Hwang entered the plea today in federal court in Newark, New Jersey, admitting Tiger Asia agreed to be “brought over the wall” in a scheme to get material, nonpublic information about Bank of China Ltd. shares in December 2008 and January 2009.

“It appears that the gist of the scheme was to use that nonpublic information in order to sell shares in short sales,” U.S. District Judge Stanley Chesler said at the plea hearing. Chesler placed Tiger Asia on probation for one year, and said the $16.3 million represents the total illicit gain.

“Tiger Asia regrets the actions for which it accepts responsibility today and is grateful that this matter is now resolved and behind it in the U.S.,” Hwang said in a statement.

The plea was “negotiated at length,” Tiger Asia attorney Lawrence Lustberg told Chesler, saying the entire amount was paid today. “It reflects a just resolution of this matter.”

Tiger Asia will separately resolve a U.S. Securities and Exchange Commission lawsuit, Lustberg said in an interview, adding that all investor capital has been returned.

In August, the hedge fund said it was returning outside capital to investors amid a three-year probe by Hong Kong regulators. The fund, founded in January 2001, had produced annual returns averaging 16 percent since inception.

Denied Allegations

Hong Kong’s Securities and Futures Commission alleged the hedge fund traded on inside information from bankers arranging placements of China Construction Bank Corp. and Bank of China Ltd. shares in 2008 and 2009, pocketing HK$38.5 million ($5 million). Tiger Asia, which has no employees and physical presence in Hong Kong, denied the allegations in an Oct. 12, 2010, letter to investors.

The firm told clients later that month that it had received a subpoena from the U.S. Securities and Exchange Commission following the allegations by the Hong Kong regulator.

Hwang earned an undergraduate degree in economics from the University of California, Los Angeles, and a master’s in business administration from Carnegie Mellon University in Pittsburgh.

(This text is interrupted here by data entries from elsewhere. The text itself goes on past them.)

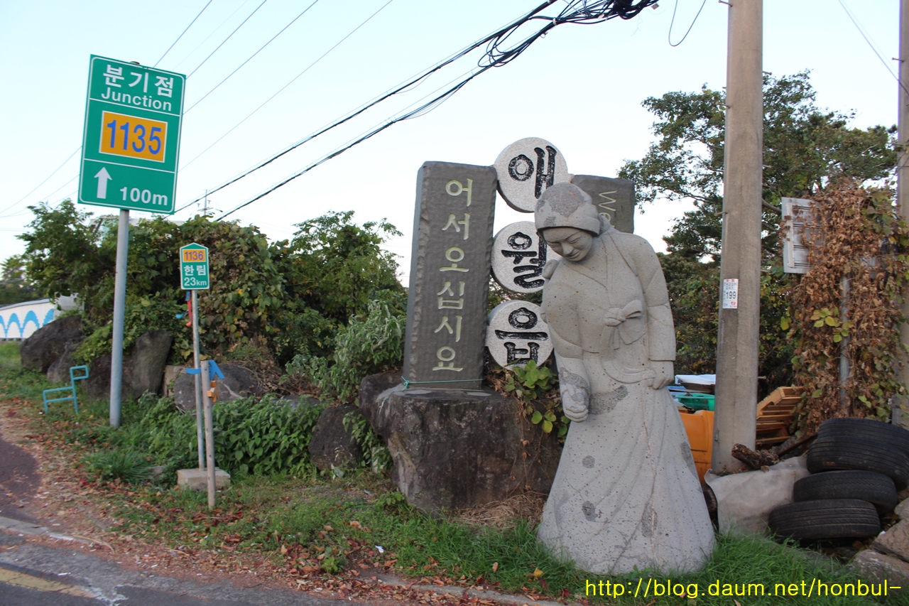 다리를 건너니 애월읍을 안내하는 표지판이 보인다.
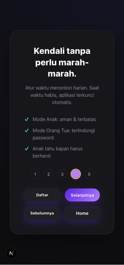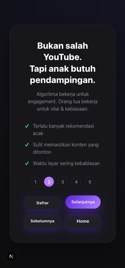 Kami memastikan anak Anda hanya menonton apa yang Anda izinkan. Tidak ada konten luar yang bisa menyusup tanpa persetujuan Anda.
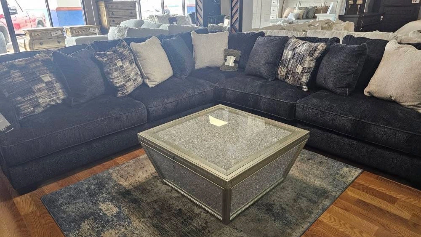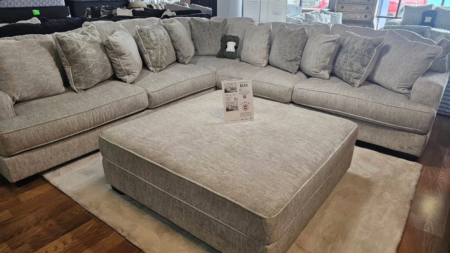 Large sectional sofa. Includes multiple pillows. Matching ottoman. Gray or black fabric options.we can deliver this to your home $54 down no credit needed financing

In the early 1990s, he was an institutional stock salesman at Hyundai Securities Co., where he dealt with Julian Robertson’s Tiger Management LLC.

Assets Cut

Robertson, a pioneer and mentor in the hedge-fund industry, hired him in 1995 after Hwang won an annual prize awarded to the person outside of Tiger who had contributed most to the fund’s success.

Robertson built Tiger Management into one of the world’s largest hedge funds by generating average annual returns of 32 percent, lifting his assets under management to $22 billion by mid-1998. After customer defections and losses cut Tiger’s assets to $6 billion two years later, Robertson decided to return money to clients and employ Tiger Management to invest his own fortune in hedge-fund managers, taking a share of profits in exchange.

Tiger Management has employed at least 40 portfolio managers and analysts who subsequently formed their own firms and became known as Tiger cubs. Those he seeded after 2000 with his own capital are known as “grand cubs.”